The setup was like this:
Using only two VCOs, nearly in unison at a rather high pitch, one going to channel 1 of the scope, the other to channel 2. The scope is triggered from channel 1, so one of the VCOs seems to stand still. (Of course in reality it doesn't but as others have shown, it's quite difficult and possibly very misleading to try and show the wandering pitch of a single VCO with a scope.) So when you see the wave of  VCO 2 wandering, you don't see the momentary pitch of VCO, but you see it relative to VCO 1. Which is all that really matters for the sound, IMO.)
I should also mention that this effect is more important for the animation of 2-VCO-Sounds. When using 3 VCOs, there are very complex beating patterns even when the individual VCOs are perfectly staying at one frequency. So I think in my 3 VCOs + Oscillator Driver Setup, that subtle built-in random modulation is a nice add-on, while the real interesting feature is the low range animation - the "linear detuning" stuff.
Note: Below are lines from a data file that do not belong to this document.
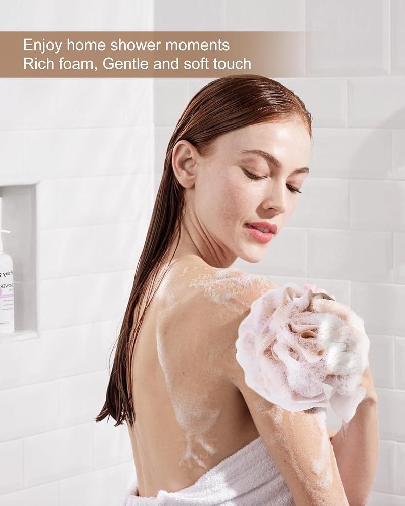 Home Shower Kits: Pink and beige mixed with white edges of the color scheme, the color is charming, good texture, make the shower more pleasant to use, suitable for different members of the family to use, pick their own exclusive that bath ball, soft mesh material, exfoliating shower good helper
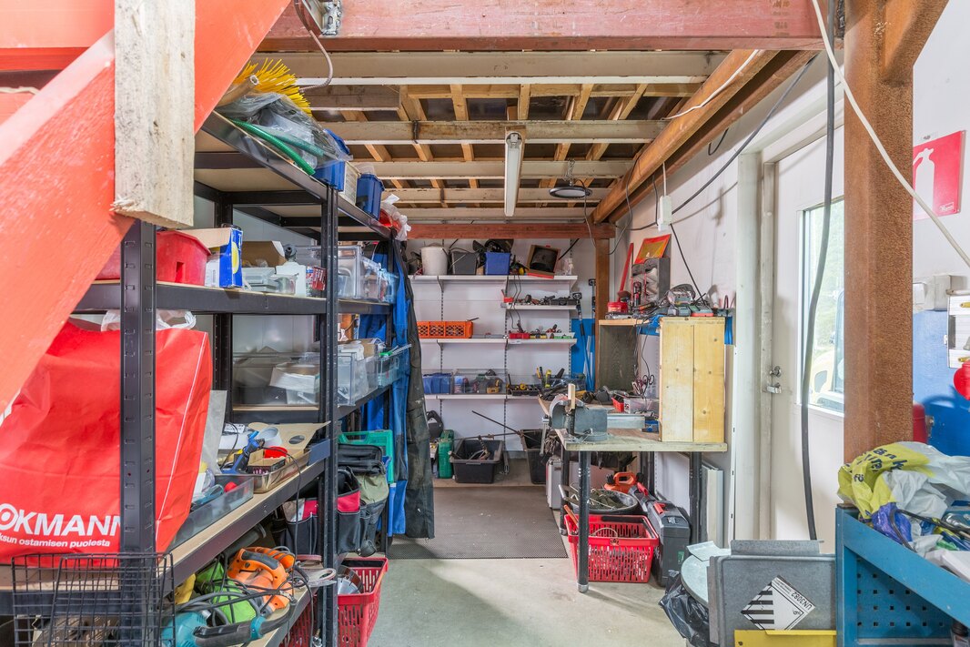 | Säilytystilojen kuvaus | Yläkerran isomman makuuhuoneen yhteydessä vaatehuone, kellarin toisen askarteluhuoneen yhteydessä vaatehuone sekä portaiden alustila, erillinen vaatehuone kellarikerroksessa. |
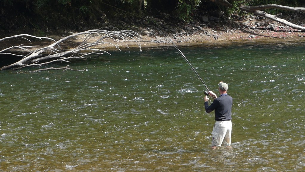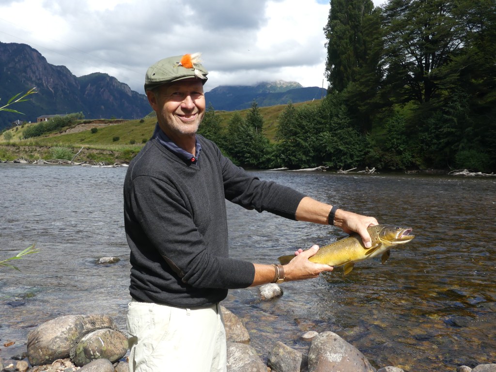 Intussen maakt Jeroen zijn hengel in orde en gaat alvast even wat proberen. Hij loopt tot z’n knieën de rivier in en werpt z’n kunstaas onder de bomen en tussen wat boomstronken. Na zo’n 10 minuten heeft hij beet, een flinke regenboogforel. Jeroen haalt de vis binnen, maar heeft geen schepnet. De vis heeft dat blijkbaar in de gaten, want begint uit het water te springen en worstelt zich los van de haak. Vis weg! Potverdorie! Opnieuw proberen, want het gekozen kunstaas spreekt aan, dat is wel duidelijk. Al snel heeft Jeroen weer een regenboogforel aan de haak en deze is veel kleiner. Jeroen kan deze netjes onthaken en zet hem weer terug. Hierna krijgt hij geen beet meer en wil ermee ophouden, want hij heeft het intussen een beetje koud gekregen. Op dat moment komt Ina even kijken met de camera in de hand en roept: “Gooi nog eens in, dan ga ik filmen”. Jeroen zoekt nog een ander plekje en werpt weer uit. Pats! Beet! Dit is weer een flinke en Ina krijgt in de gaten dat er wat aan de hand is. Jeroen haalt een prachtige bruine zalmforel (Salmo trutta fario) binnen en deze gaan we vanavond opeten met een glaasje Argentijnse witte wijn uit Cafayate.
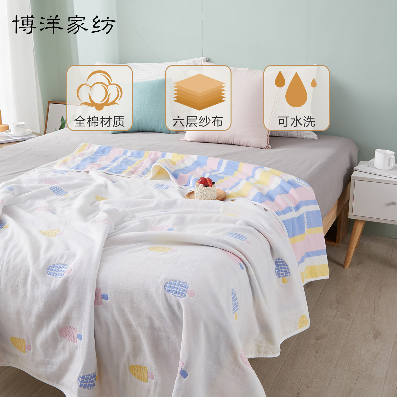 博洋 Детское хлопковое марлевое одеяло, летнее банное полотенце

Audio Demo 1 13.5 MByte mp3 (First dry: just VCOs thru VCA. Then VCOs thru SSM2040 filter, VCA and Reverb.)

CS-80-Style PWM

Like the Yamaha CS-80, the Living VCOs have a limited pulse width. Even with strong pulse width modulation, you never "loose" the VCO signal, because you never get down to 0% or up to 100% pulse width. What may sound like a limitation at first, actually opens the possiblitity of "overmodulation": You can modulate the pulse width with a triangle LFO of rather slow rate, and with a depth that would normally be bigger that 100% modulation index. As a result, the modulation is clipped, becomes trapeuoid-shaped. Musically, this is like a periodic "push" of the modulated oscillator's pitch - something that sounds less detuned than ordinary PWM and allows a sonically very rich modulation.
Single-VCO-PWM-demo (One VCO thru wide open filter + VCA + reverb)







BOM

Bill of Materials

PCB

Component Overlay (component values)

Component Overlay  (reference designators)

Schematics

Schematics, Page 1

Schematics, Page 2

Schematics, Page 3

Schematics, Page 4

Wiring diagrams

What I provide is just the PCB and some ideas how to hook it up. Whether you want modulation input attenuators or not, individual pulse width setting or one setting shared among 3 VCOs, is up to you. Same for output attenuators. The waveform from the 3 VCOs are roughly +/-1.2V to be compatible with Moog systems. The board also contains 3 Amplifiers to boost thsi up to the MOTM (and others) standard level of +/-5V. The rightmost pin of the SAW_n connectors carries a 0 ... 10V saw from the VCO core; there you can connect waveshapers for triangle and sine and so on, if you like. Because of the many possible choices the following options are just given as examples. Of course you can combine ideas from different options, and make your own personalized version.

Wiring, Option 1

Wiring, Option 2

Wiring, Option 3

Calibration

Calibration is quite similar to what you have on other VCOs.
S - Scale. Here you adjust the 1V/Oct tracking. Apply a CV from your Keyboard or Midi->CV Converter. Connect a guitar tuner or frequency counter to the VCO output and adjust "S" until 1 octave on the keyboard is exactly 1 octave of VCO frequency.
F - Frequency. Here you can adjust the absolute frequency (not the scale). You can set it to something like 16Hz (or whatever else you prefer) for the ccw end position of the 10-Turn front panel "Frequency" control.
H - High frequency tracking. Honestly: i didn't even adjust this in my prototype - I just left it in mid position. If you need to, you can fine tune the octave tracking for higher frequencies here.
PW1(2)(3)Adj - Pulse width adjust. With the front panel Pulse Width knob in 12 o'clock position, adjust the trimmer for 50% pulse width.